Ланж посмотрела ему в глаза, видя много настороженности и ожидания, и ей вспомнился тот страшный момент, когда Диана сплела осколочную вязь. Это заклинание было опасно тем, что имело большой радиус поражения, и могло нанести урон сразу нескольким целям. Парижанка понимала, что если смертельные осколки ударят в ее кокон, то разлетятся во все стороны, поразив и учеников, и деканов. Этого и добивалась Диана, чтобы Ланж убрала защиту, позволив заклинанию убить только ее. Самопожертвование — благородный поступок, но дело еще в том, что однажды девушка позволила умереть Флер подобным образом, о собственное срикошетившее заклятие, и Диана хотела не просто убить ненавистную француженку, но и помучить перед смертью.

Именно в такую безнадежную минуту появился Онежский, первым уловивший концентрацию темной магии в подземелье. Он увидел, как Соланж убрала защитный кокон, но не мог ей позволить пожертвовать собой. Это ведь был его долг — защищать Академию, но он заигрался, позволив мертвецам спокойно жить в этих стенах, дав им иллюзию скрытности и безопасности. И сейчас за его ошибку расплачивалась девушка, ради которой он и сам был готов умереть.

Вот он и сплел из магических нитей щит, прикрыв и француженку, и всех остальных в подземелье. Кроме себя.

— Господин Онежский! — нежный голос вырвал его из воспоминаний. — Позвольте мне все-таки выразить вам искреннюю признательность! Мы с Гастоном живы только благодаря вам!

Скосив глаз на фамильяров, Онежский с удивлением заметил, что Гастон улегся рядом с его котом Эно, и вылизывал ему шерсть на загривке. Но даже если предположить, что фамильяр француженки сошел с ума, то объяснить спокойствие самого Эно было невозможно. Обычно фамильяры относились друг к другу настороженно, особенно принимающие форму собак и котов, и сближались, только если чувствовали взаимную симпатию своих хозяев.

Дмитрий снова перевел взгляд на девушку, понимая, что не может больше держаться от нее на расстоянии. Ее ясные голубые глаза, окаймленные черными ресницами, смотрели на него раньше с уважением, равнодушием, спокойствием, но сейчас в них отражались другие чувства, хоть и не равные его собственным.

Думая о ней, и не отдавая себе отчета, он дотронулся до ее ладони. Ланж удивленно вздрогнула, но не отняла руки. Ее щеки вспыхнули румянцем, а глаза заблестели еще сильнее.

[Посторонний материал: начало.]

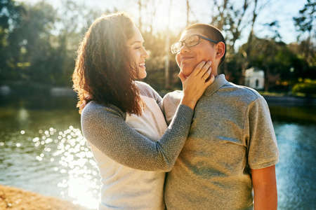 Staring into his loving eyes. Shot of an affectionate young couple spending time together outdoors.
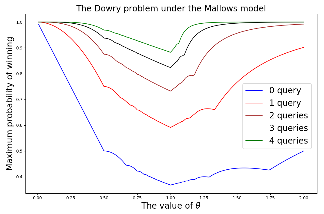翻译:我们引入了在Mallows 模式生成的按级排列名单中选择最佳候选人的询问问题。 在这种背景下,我们提出了一个候选人名单,根据类似Gaussian式的分布分布进行排列,目的是通过顺序面试程序确定排名最高的候选人,不允许对被否决的候选人重新进行面试;新的模型假设是,在进行甄选时能够询问一位Genie。查询提供了一个答案,说明有关候选人是否是排名最高的候选人。如果Genie确认询问,甄选程序将终止。否则,连续考试将持续到找到一个新的可能最理想的候选人为止。我们的结果包括,通过数字评价以及预期的面试次数来准确确定,直到找到最佳候选人或完成面试过程。尽管问题与Dowry问题有相似之处,有吉尔伯特和莫斯勒的多重选择,但拟议的Genie模式与它有很大不同,因为它允许及早停止和处理非统一的候选人面试分配。
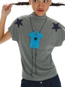 OINIMI 의 OINIMI star striped shoulder sleeve half turtleneck t-shirt 별 스타 어깨 하프소매 터틀넥 티셔츠 상품입니다. 현재 가격은 40,000원입니다.
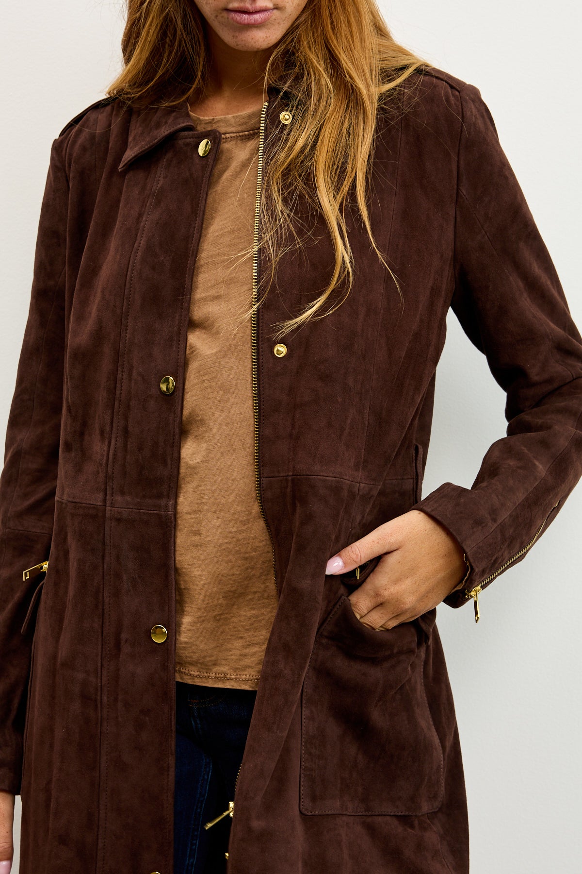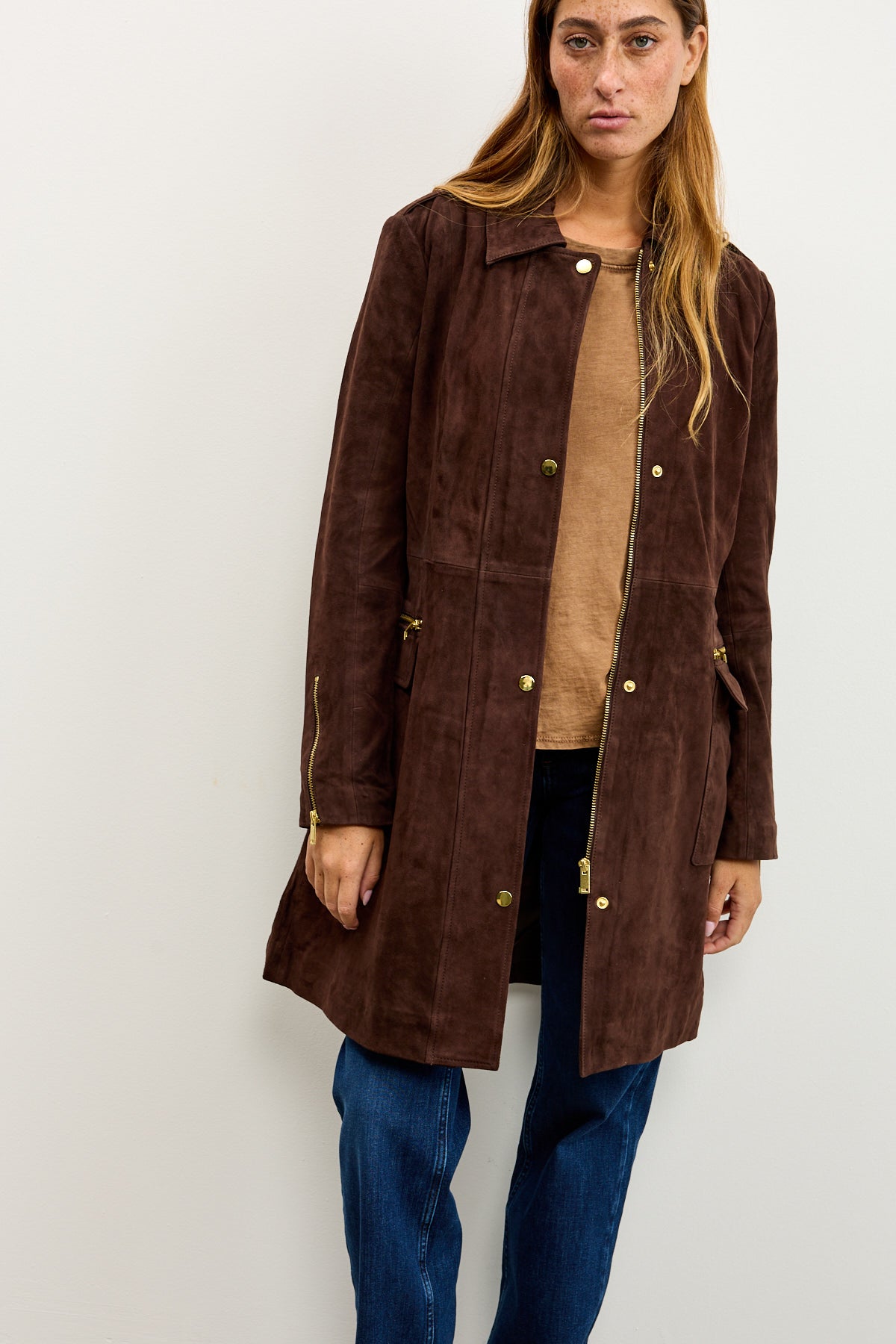 EVI מעיל טרנץ' זמש באורך ברך

Когда Мизинцев вернулся в кабинет, чтобы нанести лечебную мазь, Соланж и Дмитрий чинно сидели на своих местах, вперив в библиотекаря насколько честные взгляды, что он мгновенно заподозрил неладное. Приди он на несколько минут раньше — застал бы трепетный поцелуй влюбленных, но да чего еще ожидать от Мизинцева, отдавшего сердце лишь одним фолиантам?

Загрузка...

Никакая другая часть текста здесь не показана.